8 トリスタン様にばれたくない(ジャンヌ視点)

カタレヤ様と示し合わせておこなったデリア様への忠告事件からしばらくして、クラーク様とナタリー様が学園を辞めた。それぞれの家から縁を切られ勘当されたと噂される。


「やはり真実の愛が勝つのね。とても素敵なラブストーリーですわ。
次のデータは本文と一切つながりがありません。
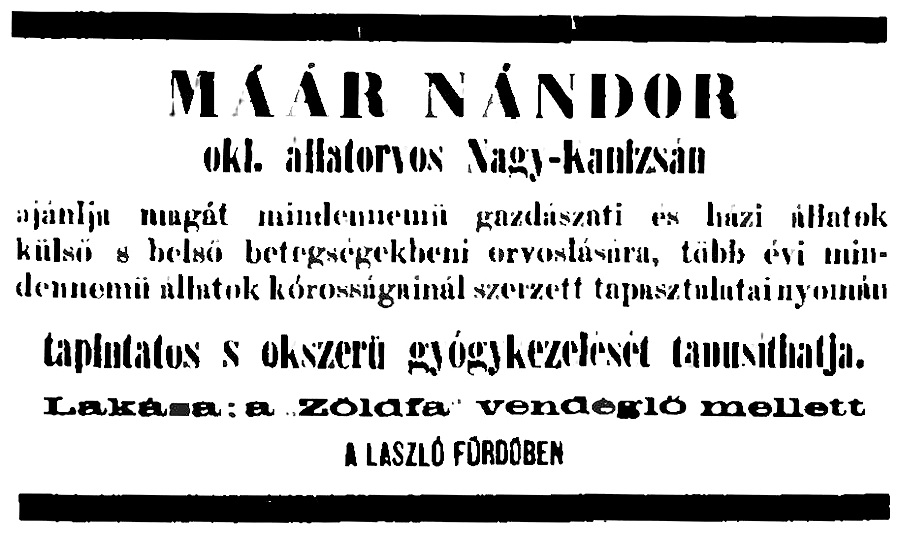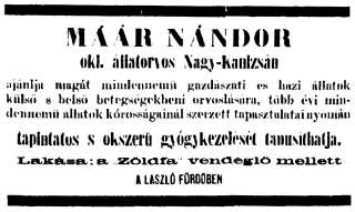 •Maár Kanizsára érkezésekor volt már „állatgyógyász” a városban. A helyi újságban csak vezetékneve maradt fenn: Haberle.

権力者に打ち勝つ愛って素敵」

 

 カタレヤ様は浮かれていたけれど、これで勝ったと言えるの?

 ファニー様と私は微妙な顔をしながらも、小さく頷いた。カタレヤ様のほうが身分は上だし、ここで反論しても良いことはない。


「平民になった勇気あるお二人に敬意を払いたいわ」

 なおもカタレヤ様はうっとりとした表情を浮かべながらおっしゃったけれど、勇気というよりは一方的に家から追い出されただけなのでは?


 自ら手を取り合って駆け落ちするのと、家から勘当されて縁を切られるのと、結果は似たようなものだけれど、そこにまで至る覚悟が違うと思う。二人の恋を応援していた私だけれど、このような結果を望んでいたわけじゃない。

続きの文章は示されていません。